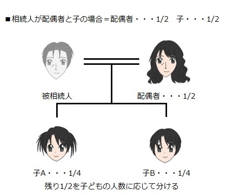 子の相続分及び配偶者の相続分はそれぞれ2分の1である(900条1号)。
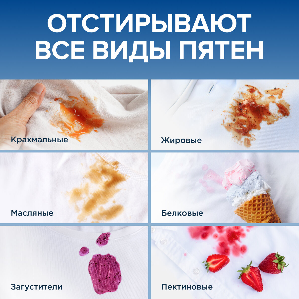 Комбинация энзимов и растительных ПАВ эффективно удаляет загрязнения и свежие пятна с волокон ткани даже в холодной воде. Функциональные добавки предотвращают окрашивание ткани, сохраняя её первоначальный вид, насыщенность цвета, прочность и структуру. Капсулы содержат гипоаллергенную отдушку с эфирными маслами эвкалипта и апельсина.
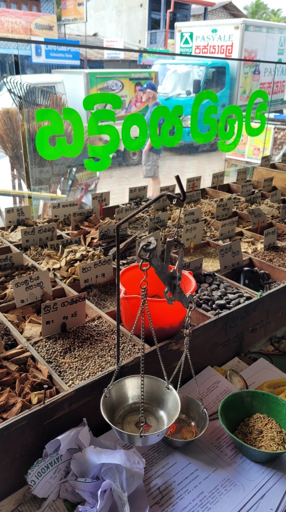 Es gab eine Ayurveda Apotheke. Die war super um tolle Bilder zu machen. Allerdings bezweifle ich, dass in den Kräutern noch viel Wirkstoff ist wenn den ganzen Tag die Sonne drauf knallt und alles offen ist. Ich werde dem Rat der beiden Halb-Sri Lankerinnen folgen, und alles was ich brauche im Supermarkt kaufen. Beste Qualität zum besten Preis tatsächlich.
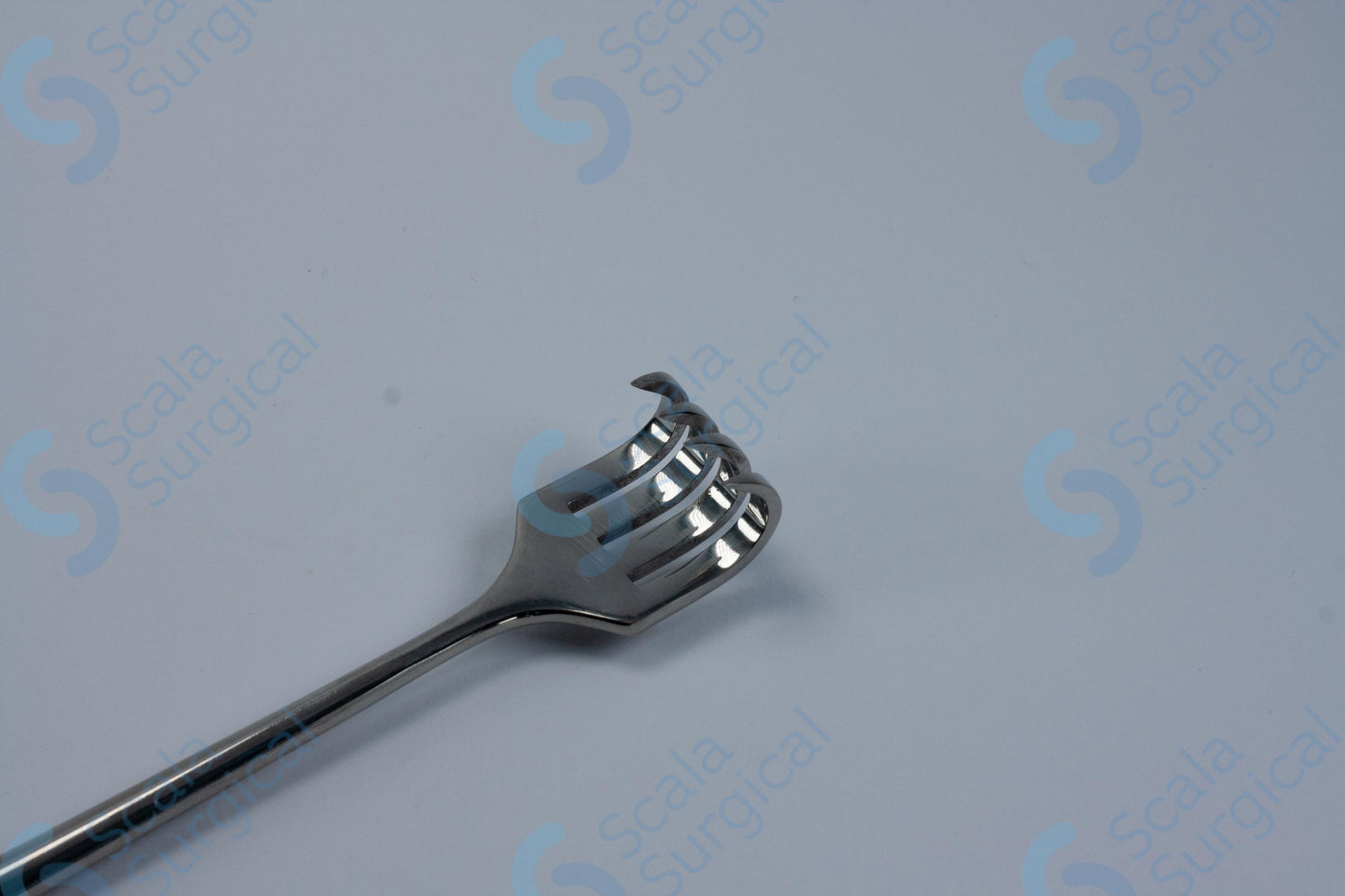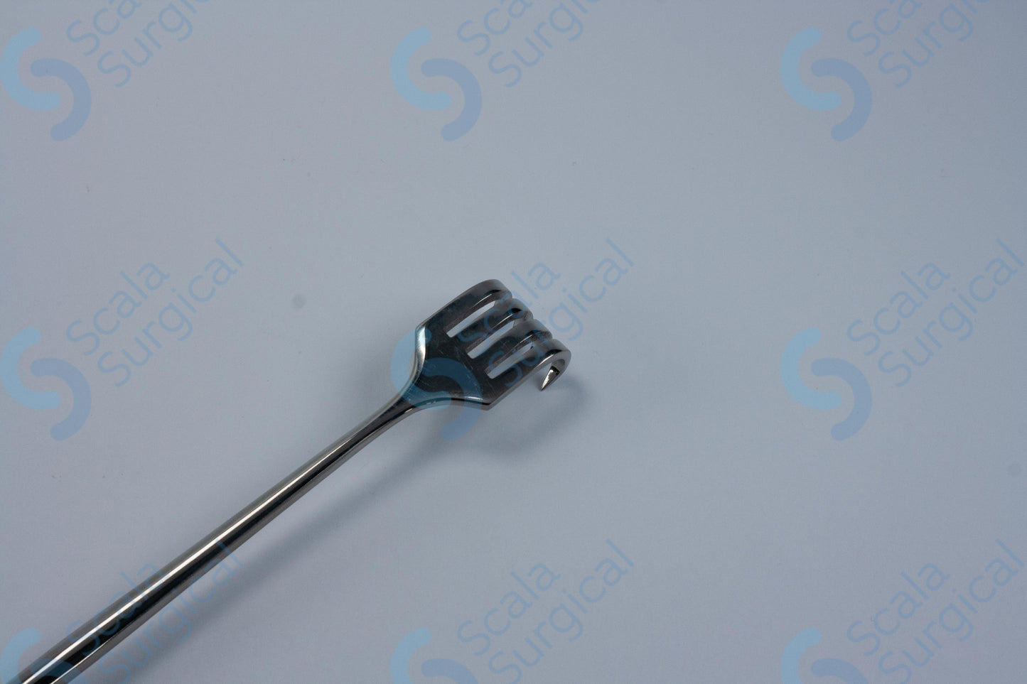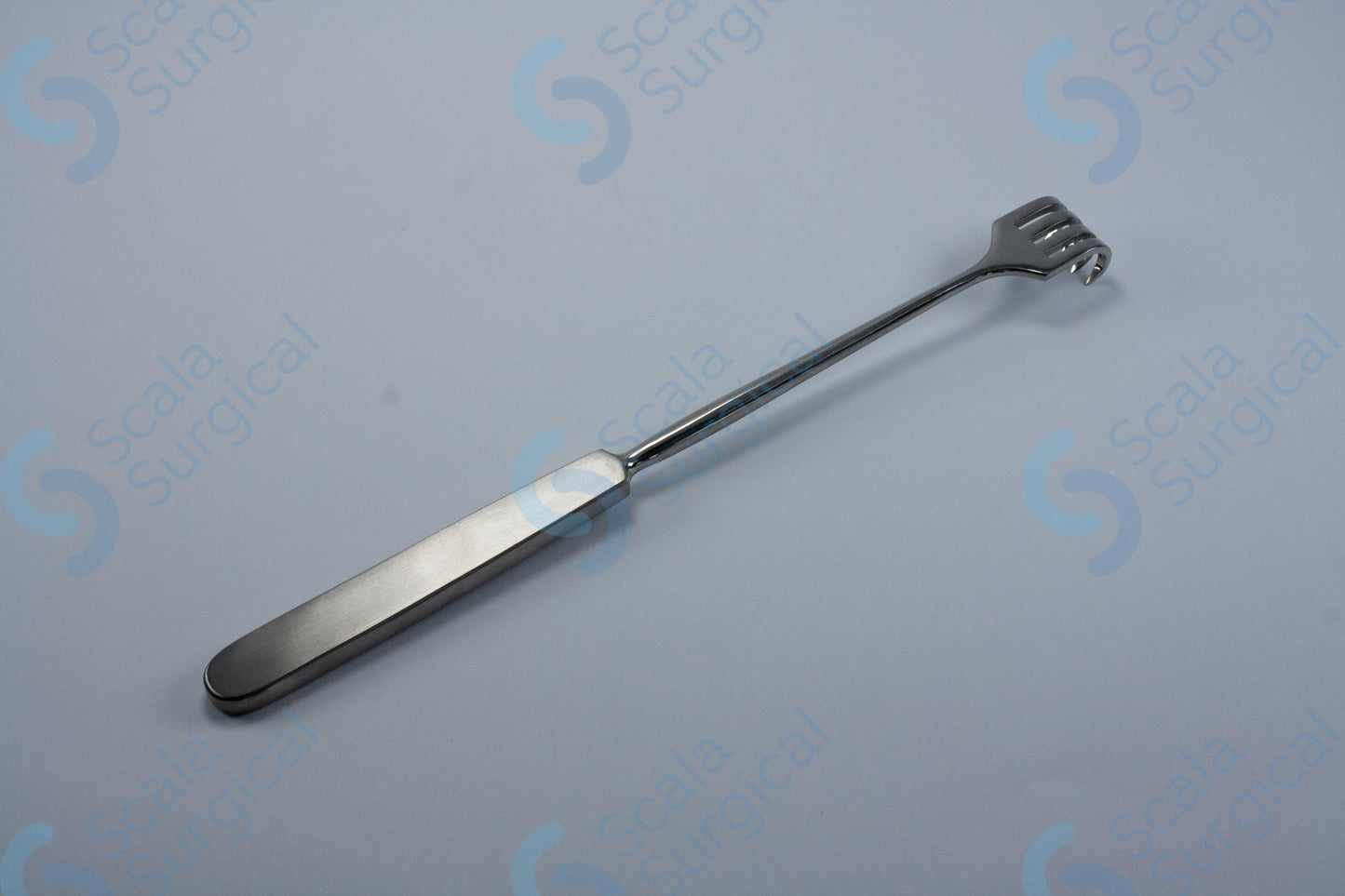 The Lempert Retractor is a surgical instrument used to hold back tissues or organs to expose a specific area of the body during surgery. It is typically used during abdominal, thoracic, or cardiac procedures. The 4 sharp prongs of the retractor are designed to firmly hold back tissues and the blade width of 22mm (241.3mm or 9? inch) allows for a wide range of retraction.
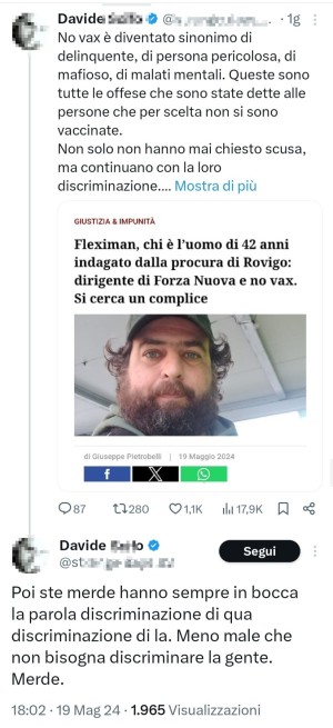 Ma mentre il signor Davide pensa che i genitori gay meritino di veder le loro fotografie trafugate e date in pasto a degli hater, diceva che il no-vax che metteva a repentaglio la salute pubblica dovesse fare ciò che gli pareva:

(WHAT YOU NEED TO DO): The result should be the same data as above, line for line, with the pictures gone.

(COMPLETED TASK):
 子の相続分及び配偶者の相続分はそれぞれ2分の1である(900条1号)。
 Комбинация энзимов и растительных ПАВ эффективно удаляет загрязнения и свежие пятна с волокон ткани даже в холодной воде. Функциональные добавки предотвращают окрашивание ткани, сохраняя её первоначальный вид, насыщенность цвета, прочность и структуру. Капсулы содержат гипоаллергенную отдушку с эфирными маслами эвкалипта и апельсина.
 Es gab eine Ayurveda Apotheke. Die war super um tolle Bilder zu machen. Allerdings bezweifle ich, dass in den Kräutern noch viel Wirkstoff ist wenn den ganzen Tag die Sonne drauf knallt und alles offen ist. Ich werde dem Rat der beiden Halb-Sri Lankerinnen folgen, und alles was ich brauche im Supermarkt kaufen. Beste Qualität zum besten Preis tatsächlich.
 The Lempert Retractor is a surgical instrument used to hold back tissues or organs to expose a specific area of the body during surgery. It is typically used during abdominal, thoracic, or cardiac procedures. The 4 sharp prongs of the retractor are designed to firmly hold back tissues and the blade width of 22mm (241.3mm or 9? inch) allows for a wide range of retraction.
 Ma mentre il signor Davide pensa che i genitori gay meritino di veder le loro fotografie trafugate e date in pasto a degli hater, diceva che il no-vax che metteva a repentaglio la salute pubblica dovesse fare ciò che gli pareva:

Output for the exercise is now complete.